Could buying hotel rooms be the next big thing, asks Rosie Millard of The Sunday Times

When you get fed up with houses, there are always hotels to aspire to. And not just in Monopoly. Enter property obsessive Johnny Sandelson, a person who spends his downtime musing about how long it took for Notting Hill to become gentrified (20 years, apparently), and a developer for whom planning permission battles are great fun. (Because in the time taken, the plot value will have gone up.) He’s only 38, but has lived the whole gamut of property high-jinks: developing, refurbishing, selling and renting out. One day, however, he stopped. As he puts it: “Once you have taxi drivers telling you about their buy-to-let portfolio, you know it’s time to get out.” Two years ago, therefore, he traded in his little green houses for a little red hotel.
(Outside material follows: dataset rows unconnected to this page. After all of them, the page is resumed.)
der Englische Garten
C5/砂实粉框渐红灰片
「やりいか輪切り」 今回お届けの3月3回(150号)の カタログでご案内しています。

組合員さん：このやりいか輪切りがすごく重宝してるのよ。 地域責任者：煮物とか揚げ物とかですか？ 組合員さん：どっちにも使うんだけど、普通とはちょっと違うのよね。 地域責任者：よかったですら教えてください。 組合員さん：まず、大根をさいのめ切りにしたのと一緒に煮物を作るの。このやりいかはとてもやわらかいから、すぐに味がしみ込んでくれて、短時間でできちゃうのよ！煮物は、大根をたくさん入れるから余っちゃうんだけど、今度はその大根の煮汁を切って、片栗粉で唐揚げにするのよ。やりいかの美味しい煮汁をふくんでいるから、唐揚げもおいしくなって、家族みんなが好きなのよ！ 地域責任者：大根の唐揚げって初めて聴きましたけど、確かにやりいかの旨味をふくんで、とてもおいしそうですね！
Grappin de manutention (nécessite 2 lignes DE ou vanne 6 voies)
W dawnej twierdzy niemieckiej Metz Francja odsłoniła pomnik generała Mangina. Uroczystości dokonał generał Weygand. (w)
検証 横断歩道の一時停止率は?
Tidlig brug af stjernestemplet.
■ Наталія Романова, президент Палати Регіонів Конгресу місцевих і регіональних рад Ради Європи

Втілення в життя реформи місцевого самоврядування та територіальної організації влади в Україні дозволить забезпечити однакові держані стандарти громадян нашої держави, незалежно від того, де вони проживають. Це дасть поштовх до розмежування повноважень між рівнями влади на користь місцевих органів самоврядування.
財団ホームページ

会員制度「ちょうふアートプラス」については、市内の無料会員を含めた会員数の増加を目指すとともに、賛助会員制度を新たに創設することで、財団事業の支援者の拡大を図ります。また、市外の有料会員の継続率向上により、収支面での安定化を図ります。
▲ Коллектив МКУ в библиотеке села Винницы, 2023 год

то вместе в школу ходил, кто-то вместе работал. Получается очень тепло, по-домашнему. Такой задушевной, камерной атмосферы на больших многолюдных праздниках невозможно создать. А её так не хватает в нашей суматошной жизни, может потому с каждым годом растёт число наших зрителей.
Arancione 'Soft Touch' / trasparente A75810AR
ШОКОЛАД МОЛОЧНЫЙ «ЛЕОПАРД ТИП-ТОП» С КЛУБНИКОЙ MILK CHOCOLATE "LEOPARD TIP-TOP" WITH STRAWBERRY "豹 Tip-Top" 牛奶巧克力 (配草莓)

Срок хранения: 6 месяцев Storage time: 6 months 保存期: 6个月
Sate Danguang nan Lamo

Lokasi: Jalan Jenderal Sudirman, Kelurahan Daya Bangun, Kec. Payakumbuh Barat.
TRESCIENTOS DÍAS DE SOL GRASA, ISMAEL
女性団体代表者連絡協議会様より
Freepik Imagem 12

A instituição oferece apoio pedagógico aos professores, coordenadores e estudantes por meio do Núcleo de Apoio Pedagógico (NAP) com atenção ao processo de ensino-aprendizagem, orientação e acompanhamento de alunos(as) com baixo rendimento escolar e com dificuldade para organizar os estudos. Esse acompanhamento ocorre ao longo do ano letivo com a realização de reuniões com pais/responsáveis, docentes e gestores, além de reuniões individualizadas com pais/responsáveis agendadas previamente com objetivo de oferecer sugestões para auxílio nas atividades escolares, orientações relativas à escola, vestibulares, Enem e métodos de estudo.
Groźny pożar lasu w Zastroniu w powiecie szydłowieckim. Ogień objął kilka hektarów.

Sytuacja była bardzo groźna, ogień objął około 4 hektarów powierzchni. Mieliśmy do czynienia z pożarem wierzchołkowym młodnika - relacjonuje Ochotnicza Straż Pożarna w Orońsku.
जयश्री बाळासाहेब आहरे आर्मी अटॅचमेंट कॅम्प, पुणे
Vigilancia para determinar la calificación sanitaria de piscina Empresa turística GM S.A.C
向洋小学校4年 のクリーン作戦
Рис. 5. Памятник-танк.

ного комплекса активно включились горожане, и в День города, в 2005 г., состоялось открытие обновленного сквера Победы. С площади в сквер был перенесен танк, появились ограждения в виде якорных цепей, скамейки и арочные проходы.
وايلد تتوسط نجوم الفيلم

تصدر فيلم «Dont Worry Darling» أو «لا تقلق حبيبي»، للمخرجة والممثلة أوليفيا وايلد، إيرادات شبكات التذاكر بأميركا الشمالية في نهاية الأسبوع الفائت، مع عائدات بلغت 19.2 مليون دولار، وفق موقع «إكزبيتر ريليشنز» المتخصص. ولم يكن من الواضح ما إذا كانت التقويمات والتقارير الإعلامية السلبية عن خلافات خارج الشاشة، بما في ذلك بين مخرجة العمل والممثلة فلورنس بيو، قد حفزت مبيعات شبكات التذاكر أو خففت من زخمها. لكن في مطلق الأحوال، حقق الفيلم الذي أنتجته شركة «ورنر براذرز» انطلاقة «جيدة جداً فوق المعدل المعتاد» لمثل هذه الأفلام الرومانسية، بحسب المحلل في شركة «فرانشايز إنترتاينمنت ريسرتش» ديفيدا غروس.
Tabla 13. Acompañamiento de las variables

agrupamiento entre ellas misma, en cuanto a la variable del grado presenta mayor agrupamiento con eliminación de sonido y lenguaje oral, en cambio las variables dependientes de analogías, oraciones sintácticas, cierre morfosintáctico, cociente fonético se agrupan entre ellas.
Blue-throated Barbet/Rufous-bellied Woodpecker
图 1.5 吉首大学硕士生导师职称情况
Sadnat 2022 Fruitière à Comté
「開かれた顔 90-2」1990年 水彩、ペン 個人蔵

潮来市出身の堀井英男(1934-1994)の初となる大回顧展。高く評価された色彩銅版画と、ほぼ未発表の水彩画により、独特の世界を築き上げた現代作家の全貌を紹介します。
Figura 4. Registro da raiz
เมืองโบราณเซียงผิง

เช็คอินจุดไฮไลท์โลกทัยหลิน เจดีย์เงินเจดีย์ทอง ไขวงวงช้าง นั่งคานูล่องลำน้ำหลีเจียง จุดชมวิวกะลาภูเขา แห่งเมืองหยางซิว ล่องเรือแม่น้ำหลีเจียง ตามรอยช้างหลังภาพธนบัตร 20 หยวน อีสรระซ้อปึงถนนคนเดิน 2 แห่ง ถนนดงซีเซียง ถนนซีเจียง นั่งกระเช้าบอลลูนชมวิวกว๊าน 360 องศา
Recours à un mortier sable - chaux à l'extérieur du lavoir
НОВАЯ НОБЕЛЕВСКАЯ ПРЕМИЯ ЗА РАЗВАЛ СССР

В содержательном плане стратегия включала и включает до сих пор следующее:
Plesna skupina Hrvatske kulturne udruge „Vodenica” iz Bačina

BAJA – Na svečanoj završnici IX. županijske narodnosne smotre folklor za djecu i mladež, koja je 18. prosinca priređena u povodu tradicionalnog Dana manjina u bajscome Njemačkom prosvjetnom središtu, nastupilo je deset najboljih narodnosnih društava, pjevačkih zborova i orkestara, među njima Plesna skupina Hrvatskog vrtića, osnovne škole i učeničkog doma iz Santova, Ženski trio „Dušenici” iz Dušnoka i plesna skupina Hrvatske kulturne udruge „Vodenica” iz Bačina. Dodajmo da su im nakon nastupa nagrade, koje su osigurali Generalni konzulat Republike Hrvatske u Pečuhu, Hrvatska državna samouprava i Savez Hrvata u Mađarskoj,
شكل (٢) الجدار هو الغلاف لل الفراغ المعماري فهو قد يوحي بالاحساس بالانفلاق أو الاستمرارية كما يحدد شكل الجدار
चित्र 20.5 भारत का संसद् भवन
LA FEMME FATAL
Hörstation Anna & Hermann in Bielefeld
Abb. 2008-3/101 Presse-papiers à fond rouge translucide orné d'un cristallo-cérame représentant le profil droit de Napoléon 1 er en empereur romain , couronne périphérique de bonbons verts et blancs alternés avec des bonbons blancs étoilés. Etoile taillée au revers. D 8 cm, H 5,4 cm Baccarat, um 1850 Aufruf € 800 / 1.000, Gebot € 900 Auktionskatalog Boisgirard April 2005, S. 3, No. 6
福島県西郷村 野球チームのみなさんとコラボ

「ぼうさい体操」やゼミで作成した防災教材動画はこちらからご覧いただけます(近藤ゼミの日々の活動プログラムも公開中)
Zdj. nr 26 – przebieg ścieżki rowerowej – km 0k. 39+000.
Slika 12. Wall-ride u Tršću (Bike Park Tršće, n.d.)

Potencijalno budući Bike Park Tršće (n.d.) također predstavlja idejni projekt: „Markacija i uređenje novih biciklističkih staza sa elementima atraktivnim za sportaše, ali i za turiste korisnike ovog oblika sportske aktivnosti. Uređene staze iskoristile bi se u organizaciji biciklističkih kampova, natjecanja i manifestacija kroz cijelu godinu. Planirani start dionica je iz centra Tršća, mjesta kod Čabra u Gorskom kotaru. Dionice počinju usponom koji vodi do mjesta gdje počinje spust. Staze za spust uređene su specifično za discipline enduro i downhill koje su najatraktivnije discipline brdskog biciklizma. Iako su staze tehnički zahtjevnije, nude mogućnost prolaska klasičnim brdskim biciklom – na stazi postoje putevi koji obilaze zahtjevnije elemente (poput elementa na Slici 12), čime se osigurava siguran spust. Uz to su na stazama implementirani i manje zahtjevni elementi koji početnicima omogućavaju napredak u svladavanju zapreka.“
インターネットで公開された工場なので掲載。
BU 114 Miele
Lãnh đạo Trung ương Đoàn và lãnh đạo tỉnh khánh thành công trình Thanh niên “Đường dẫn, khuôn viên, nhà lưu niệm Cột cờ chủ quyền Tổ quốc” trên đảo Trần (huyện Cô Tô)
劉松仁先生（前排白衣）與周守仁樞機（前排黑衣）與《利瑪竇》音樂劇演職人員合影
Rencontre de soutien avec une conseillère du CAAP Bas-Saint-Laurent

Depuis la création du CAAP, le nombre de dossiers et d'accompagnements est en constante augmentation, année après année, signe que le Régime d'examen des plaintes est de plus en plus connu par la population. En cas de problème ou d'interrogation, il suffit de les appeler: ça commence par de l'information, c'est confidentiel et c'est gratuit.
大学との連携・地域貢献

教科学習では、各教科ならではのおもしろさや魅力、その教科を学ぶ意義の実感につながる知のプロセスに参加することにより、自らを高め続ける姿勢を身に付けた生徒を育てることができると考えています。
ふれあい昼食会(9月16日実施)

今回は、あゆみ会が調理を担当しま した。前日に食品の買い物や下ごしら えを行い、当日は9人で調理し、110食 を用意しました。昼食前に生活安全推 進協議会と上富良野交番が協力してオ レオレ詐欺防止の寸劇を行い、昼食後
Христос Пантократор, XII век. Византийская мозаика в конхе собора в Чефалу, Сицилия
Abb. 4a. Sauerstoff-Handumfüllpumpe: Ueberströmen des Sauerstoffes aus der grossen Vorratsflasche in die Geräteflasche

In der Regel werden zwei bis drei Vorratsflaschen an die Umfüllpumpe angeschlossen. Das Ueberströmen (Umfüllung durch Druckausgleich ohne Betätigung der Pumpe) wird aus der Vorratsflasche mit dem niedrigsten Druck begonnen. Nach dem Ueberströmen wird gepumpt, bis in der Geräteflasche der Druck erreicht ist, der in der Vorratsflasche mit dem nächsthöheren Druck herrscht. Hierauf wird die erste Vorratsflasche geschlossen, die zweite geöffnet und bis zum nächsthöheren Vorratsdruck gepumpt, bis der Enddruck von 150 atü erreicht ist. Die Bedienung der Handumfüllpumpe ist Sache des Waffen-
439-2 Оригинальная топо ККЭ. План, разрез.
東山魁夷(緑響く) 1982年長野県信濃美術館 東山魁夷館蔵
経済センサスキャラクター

His big idea was GuestInvest. He bought a medium-sized hotel in Notting Hill and flogged its 20 bedrooms to investors who didn’t want the hassle of actually owning property. The hotel, Guesthoust West, continues to run as a hotel, only every time a guest stays in a room, half the rate they pay goes to the person who owns it. Investors get a yield of about 6.5% and can stay there free 52 nights a year. The scheme’s slogan is Earn Money While Others Sleep.

Sandelson says it was a three-part brainwave. “First, it tied in with the English psyche for owning property. Second, it chimed with anybody who wanted a pied-à-terre in the capital. Third, it appealed to anybody who feels discontented with buy-to-let.” Meaning? “Inner-city saturation. Voids. Service charges. Tenants.” Oh, Johnny, tell me about it.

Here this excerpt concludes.